### [Records supplied]
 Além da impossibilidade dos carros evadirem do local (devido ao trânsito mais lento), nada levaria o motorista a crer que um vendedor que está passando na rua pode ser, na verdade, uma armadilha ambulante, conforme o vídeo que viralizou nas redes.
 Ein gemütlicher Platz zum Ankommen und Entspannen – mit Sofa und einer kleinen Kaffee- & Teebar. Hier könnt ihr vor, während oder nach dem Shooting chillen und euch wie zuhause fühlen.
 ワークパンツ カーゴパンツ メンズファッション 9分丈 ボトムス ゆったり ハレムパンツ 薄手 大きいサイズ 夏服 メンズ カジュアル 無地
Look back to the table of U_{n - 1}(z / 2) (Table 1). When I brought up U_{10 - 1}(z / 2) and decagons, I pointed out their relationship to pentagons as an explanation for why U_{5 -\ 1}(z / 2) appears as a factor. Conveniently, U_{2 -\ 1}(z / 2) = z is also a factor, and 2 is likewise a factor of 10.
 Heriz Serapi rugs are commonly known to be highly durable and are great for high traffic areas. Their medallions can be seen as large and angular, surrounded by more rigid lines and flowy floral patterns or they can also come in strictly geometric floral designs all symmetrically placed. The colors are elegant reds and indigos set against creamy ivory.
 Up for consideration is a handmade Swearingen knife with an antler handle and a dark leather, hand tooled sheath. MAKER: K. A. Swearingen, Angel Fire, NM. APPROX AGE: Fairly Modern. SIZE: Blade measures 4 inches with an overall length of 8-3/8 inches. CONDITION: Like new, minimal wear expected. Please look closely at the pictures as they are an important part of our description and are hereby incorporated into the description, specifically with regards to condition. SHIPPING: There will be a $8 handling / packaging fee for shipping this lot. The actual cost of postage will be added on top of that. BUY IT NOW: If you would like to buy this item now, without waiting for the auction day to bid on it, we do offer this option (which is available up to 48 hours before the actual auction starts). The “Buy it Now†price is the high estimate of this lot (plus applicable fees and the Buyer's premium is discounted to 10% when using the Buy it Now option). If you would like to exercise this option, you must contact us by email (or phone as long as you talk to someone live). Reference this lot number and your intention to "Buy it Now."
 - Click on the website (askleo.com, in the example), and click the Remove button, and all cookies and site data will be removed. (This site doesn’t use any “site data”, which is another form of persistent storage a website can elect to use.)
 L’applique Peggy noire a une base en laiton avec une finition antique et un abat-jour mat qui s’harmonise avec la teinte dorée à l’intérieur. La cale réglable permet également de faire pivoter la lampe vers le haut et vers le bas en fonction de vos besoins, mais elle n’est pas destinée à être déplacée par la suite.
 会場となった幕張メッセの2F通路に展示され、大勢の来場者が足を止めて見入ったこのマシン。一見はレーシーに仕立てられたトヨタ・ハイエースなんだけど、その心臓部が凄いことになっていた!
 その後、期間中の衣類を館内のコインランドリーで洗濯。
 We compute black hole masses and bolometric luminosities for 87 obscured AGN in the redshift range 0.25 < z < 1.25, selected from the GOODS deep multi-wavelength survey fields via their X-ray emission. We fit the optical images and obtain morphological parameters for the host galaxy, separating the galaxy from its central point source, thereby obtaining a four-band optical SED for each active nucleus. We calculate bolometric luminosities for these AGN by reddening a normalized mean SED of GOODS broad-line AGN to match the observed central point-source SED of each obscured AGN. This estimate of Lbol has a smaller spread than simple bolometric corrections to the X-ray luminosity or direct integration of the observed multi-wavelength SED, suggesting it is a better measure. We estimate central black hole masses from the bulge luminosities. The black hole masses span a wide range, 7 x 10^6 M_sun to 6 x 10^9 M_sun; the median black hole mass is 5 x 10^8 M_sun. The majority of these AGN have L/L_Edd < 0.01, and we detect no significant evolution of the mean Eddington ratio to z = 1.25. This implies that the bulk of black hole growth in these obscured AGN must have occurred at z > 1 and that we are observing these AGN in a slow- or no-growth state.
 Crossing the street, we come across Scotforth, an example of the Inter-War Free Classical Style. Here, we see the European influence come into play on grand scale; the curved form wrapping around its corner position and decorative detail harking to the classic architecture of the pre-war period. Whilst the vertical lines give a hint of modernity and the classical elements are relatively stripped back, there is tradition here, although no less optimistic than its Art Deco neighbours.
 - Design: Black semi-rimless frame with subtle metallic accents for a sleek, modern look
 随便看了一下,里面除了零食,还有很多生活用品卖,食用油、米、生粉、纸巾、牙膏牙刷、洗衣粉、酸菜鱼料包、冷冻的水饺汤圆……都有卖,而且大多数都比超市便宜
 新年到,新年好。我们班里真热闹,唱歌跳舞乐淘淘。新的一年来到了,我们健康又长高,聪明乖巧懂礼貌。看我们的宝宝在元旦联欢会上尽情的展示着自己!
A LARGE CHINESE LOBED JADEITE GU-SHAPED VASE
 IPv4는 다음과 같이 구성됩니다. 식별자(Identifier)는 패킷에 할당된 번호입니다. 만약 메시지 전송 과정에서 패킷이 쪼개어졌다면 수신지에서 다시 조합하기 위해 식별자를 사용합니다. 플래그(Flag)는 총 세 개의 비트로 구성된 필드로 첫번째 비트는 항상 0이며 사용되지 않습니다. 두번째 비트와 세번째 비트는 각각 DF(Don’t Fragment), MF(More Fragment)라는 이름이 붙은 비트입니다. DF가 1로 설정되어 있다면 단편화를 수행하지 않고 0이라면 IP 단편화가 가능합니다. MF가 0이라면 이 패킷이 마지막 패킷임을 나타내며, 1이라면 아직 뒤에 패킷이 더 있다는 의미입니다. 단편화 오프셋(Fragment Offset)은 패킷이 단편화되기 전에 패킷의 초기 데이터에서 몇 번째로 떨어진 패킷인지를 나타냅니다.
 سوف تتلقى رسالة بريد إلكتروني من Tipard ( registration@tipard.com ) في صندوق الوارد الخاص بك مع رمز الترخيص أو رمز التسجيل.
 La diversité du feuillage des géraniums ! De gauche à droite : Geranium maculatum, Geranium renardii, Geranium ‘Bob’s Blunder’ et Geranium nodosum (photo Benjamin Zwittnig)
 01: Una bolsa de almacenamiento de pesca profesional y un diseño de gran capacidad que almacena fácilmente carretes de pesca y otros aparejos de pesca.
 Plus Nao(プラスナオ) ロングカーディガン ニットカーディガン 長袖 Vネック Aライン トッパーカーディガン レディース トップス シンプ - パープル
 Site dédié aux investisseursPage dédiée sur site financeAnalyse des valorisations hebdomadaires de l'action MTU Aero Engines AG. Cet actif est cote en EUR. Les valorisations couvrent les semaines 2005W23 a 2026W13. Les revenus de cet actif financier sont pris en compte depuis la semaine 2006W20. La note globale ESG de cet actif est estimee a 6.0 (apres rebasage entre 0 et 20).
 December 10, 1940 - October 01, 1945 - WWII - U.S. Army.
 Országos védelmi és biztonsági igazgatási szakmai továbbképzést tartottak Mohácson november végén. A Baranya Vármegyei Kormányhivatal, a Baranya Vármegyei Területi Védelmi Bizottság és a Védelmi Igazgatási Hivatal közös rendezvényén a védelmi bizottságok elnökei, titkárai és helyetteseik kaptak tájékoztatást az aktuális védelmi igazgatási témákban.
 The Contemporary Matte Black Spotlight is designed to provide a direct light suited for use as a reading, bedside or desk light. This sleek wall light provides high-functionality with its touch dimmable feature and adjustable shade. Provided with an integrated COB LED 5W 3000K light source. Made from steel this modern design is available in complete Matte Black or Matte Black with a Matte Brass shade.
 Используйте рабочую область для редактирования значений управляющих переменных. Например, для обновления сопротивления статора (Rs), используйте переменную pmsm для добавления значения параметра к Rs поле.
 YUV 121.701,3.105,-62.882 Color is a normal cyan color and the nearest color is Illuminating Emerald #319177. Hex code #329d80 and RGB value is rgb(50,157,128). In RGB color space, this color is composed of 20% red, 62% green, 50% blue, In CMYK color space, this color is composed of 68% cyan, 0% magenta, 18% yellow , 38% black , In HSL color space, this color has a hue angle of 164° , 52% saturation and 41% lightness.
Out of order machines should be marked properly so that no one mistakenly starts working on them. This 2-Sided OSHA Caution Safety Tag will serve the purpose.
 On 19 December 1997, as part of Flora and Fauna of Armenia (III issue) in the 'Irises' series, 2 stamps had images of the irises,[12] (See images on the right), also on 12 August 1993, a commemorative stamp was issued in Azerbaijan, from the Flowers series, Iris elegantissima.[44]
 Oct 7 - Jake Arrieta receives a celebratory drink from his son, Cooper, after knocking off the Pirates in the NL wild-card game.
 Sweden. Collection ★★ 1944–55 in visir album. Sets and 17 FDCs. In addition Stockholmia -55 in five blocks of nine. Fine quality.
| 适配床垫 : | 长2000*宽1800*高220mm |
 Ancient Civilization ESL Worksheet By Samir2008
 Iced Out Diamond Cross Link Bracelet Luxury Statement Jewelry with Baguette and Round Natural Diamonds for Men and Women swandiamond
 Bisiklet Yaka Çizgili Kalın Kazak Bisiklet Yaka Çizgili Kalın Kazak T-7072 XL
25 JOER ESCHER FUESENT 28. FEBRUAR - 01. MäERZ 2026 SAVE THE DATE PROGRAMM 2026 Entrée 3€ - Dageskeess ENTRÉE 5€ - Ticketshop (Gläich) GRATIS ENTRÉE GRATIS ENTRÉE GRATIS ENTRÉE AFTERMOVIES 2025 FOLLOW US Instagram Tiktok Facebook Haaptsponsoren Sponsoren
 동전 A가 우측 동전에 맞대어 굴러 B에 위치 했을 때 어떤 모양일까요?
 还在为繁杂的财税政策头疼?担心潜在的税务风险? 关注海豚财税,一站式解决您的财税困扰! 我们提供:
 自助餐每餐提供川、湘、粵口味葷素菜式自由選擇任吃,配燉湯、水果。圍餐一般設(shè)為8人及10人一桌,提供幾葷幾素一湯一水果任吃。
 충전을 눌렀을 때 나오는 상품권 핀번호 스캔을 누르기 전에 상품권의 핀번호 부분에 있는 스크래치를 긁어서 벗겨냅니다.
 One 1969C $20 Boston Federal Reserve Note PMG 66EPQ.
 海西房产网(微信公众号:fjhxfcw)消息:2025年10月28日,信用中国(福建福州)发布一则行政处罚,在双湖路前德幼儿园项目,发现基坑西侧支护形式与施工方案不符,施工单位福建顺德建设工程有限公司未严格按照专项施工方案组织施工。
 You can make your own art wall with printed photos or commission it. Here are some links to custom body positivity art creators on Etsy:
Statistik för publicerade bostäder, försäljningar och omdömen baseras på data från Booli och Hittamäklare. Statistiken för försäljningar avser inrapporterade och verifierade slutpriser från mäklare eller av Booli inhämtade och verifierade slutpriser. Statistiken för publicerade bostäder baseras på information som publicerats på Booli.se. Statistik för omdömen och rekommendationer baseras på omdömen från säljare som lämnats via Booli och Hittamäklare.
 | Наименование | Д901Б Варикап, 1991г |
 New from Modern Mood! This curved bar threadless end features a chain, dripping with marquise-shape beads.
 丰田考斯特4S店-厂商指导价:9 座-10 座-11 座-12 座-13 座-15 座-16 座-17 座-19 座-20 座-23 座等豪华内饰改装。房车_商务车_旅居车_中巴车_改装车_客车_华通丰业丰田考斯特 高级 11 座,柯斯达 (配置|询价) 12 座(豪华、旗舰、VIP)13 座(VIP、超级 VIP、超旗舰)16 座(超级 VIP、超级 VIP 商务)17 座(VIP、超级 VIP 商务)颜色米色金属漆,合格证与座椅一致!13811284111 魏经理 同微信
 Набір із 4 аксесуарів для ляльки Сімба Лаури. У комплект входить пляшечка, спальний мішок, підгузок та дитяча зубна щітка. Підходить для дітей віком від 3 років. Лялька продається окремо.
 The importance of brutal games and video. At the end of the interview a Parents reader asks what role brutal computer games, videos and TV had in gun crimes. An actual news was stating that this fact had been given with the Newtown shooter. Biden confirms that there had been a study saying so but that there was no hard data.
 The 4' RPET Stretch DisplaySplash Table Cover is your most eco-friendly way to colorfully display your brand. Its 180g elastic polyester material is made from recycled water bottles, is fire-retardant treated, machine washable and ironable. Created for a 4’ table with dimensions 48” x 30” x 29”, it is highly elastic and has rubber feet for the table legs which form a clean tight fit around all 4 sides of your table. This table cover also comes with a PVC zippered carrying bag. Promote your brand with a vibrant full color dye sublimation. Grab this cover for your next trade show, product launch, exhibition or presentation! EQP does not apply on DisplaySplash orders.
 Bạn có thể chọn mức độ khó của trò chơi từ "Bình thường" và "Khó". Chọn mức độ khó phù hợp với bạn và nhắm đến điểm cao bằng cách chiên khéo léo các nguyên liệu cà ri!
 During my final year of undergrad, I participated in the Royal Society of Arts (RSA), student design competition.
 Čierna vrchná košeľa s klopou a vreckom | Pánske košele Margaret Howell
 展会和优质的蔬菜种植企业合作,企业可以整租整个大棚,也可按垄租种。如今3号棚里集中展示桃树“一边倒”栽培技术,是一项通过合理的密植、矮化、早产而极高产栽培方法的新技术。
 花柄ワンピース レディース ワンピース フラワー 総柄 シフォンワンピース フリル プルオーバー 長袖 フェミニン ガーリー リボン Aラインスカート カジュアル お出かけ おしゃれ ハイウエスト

### [Problem statement]
From the material above, set down exactly the lines between the line holding "- Click on the" and the line holding "その後、期間中の衣類を館内のコインランドリーで洗濯。", inclusive. Include nothing else.

### [Problem solution]
 - Click on the website (askleo.com, in the example), and click the Remove button, and all cookies and site data will be removed. (This site doesn’t use any “site data”, which is another form of persistent storage a website can elect to use.)
 L’applique Peggy noire a une base en laiton avec une finition antique et un abat-jour mat qui s’harmonise avec la teinte dorée à l’intérieur. La cale réglable permet également de faire pivoter la lampe vers le haut et vers le bas en fonction de vos besoins, mais elle n’est pas destinée à être déplacée par la suite.
 会場となった幕張メッセの2F通路に展示され、大勢の来場者が足を止めて見入ったこのマシン。一見はレーシーに仕立てられたトヨタ・ハイエースなんだけど、その心臓部が凄いことになっていた!
 その後、期間中の衣類を館内のコインランドリーで洗濯。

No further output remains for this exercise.